[Stored dataset items]
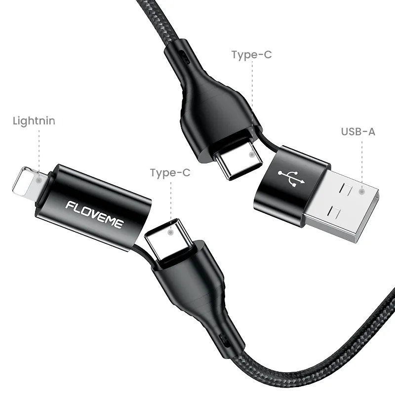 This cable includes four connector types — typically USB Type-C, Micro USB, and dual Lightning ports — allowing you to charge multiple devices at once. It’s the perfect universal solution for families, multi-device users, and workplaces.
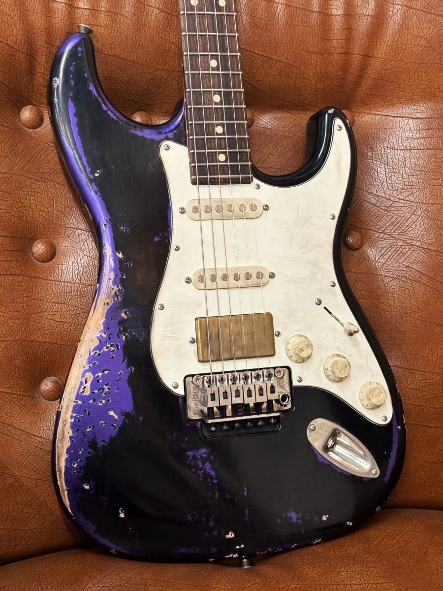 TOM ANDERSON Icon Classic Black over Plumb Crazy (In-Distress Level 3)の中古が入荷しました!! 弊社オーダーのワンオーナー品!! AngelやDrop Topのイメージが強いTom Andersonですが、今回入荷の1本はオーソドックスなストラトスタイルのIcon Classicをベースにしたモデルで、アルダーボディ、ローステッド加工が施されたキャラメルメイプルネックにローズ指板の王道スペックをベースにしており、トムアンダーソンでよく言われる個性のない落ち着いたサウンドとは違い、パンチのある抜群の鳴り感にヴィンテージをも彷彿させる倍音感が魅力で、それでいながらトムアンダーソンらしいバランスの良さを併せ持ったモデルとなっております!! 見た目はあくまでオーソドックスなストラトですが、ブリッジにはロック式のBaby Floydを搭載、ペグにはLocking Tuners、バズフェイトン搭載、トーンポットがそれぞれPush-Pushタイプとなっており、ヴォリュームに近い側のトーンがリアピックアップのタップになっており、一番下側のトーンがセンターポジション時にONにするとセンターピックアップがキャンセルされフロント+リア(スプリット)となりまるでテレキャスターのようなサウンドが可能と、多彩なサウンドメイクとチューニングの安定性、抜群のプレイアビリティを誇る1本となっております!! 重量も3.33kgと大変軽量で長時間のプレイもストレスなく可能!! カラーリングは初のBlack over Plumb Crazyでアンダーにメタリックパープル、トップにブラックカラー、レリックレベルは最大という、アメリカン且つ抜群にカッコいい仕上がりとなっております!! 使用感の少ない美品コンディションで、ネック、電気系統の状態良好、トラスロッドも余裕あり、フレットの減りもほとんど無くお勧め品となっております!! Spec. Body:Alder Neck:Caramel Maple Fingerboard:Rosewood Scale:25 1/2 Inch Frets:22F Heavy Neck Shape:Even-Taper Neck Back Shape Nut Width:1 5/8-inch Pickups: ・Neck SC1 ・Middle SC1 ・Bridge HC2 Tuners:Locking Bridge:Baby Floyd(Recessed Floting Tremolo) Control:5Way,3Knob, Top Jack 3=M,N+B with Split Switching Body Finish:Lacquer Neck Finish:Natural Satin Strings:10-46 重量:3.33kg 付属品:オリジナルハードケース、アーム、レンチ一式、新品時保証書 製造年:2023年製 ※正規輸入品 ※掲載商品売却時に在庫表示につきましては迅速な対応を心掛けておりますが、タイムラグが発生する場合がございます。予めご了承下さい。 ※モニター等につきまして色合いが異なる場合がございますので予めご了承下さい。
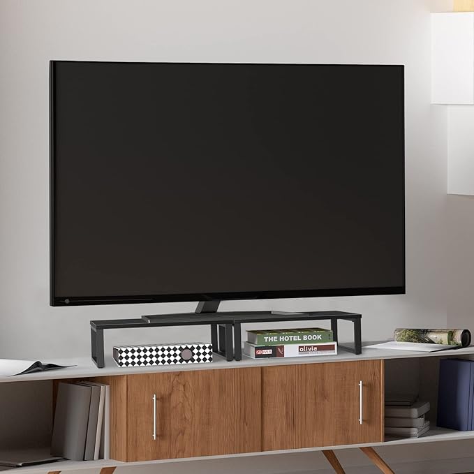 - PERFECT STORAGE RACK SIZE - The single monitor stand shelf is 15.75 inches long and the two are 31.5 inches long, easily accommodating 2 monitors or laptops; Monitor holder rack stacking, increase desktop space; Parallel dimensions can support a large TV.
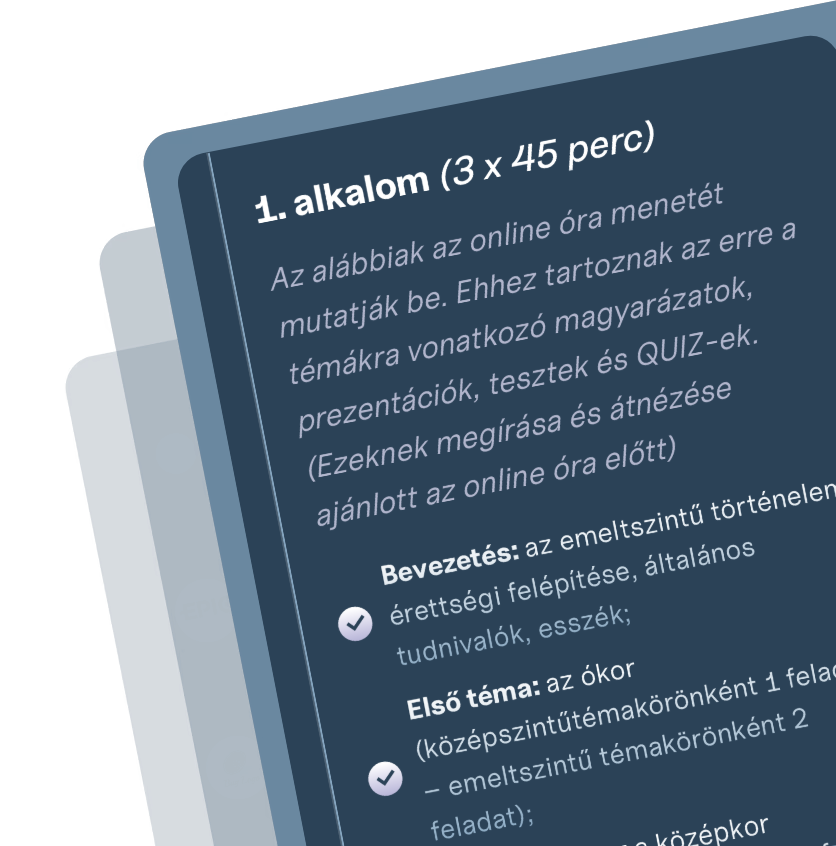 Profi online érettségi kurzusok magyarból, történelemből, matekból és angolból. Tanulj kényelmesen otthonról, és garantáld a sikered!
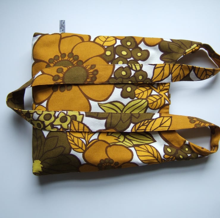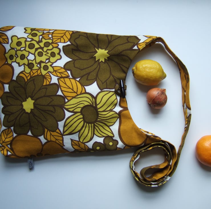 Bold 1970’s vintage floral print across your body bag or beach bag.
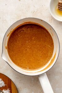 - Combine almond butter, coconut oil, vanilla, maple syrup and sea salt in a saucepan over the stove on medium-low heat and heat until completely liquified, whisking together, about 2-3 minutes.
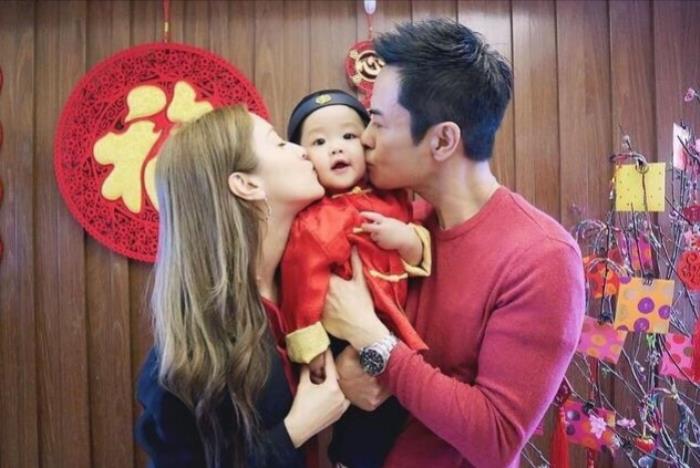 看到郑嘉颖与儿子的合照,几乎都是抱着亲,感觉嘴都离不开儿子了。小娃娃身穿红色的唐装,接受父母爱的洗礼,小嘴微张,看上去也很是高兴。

**EXERCISE REQUIREMENTS:**
In the records above, find the line containing "Profi online érettségi". Reproduce it and every line after it through the last line, omitting pictures.

**OUTPUT:**
 Profi online érettségi kurzusok magyarból, történelemből, matekból és angolból. Tanulj kényelmesen otthonról, és garantáld a sikered!
 Bold 1970’s vintage floral print across your body bag or beach bag.
 - Combine almond butter, coconut oil, vanilla, maple syrup and sea salt in a saucepan over the stove on medium-low heat and heat until completely liquified, whisking together, about 2-3 minutes.
 看到郑嘉颖与儿子的合照,几乎都是抱着亲,感觉嘴都离不开儿子了。小娃娃身穿红色的唐装,接受父母爱的洗礼,小嘴微张,看上去也很是高兴。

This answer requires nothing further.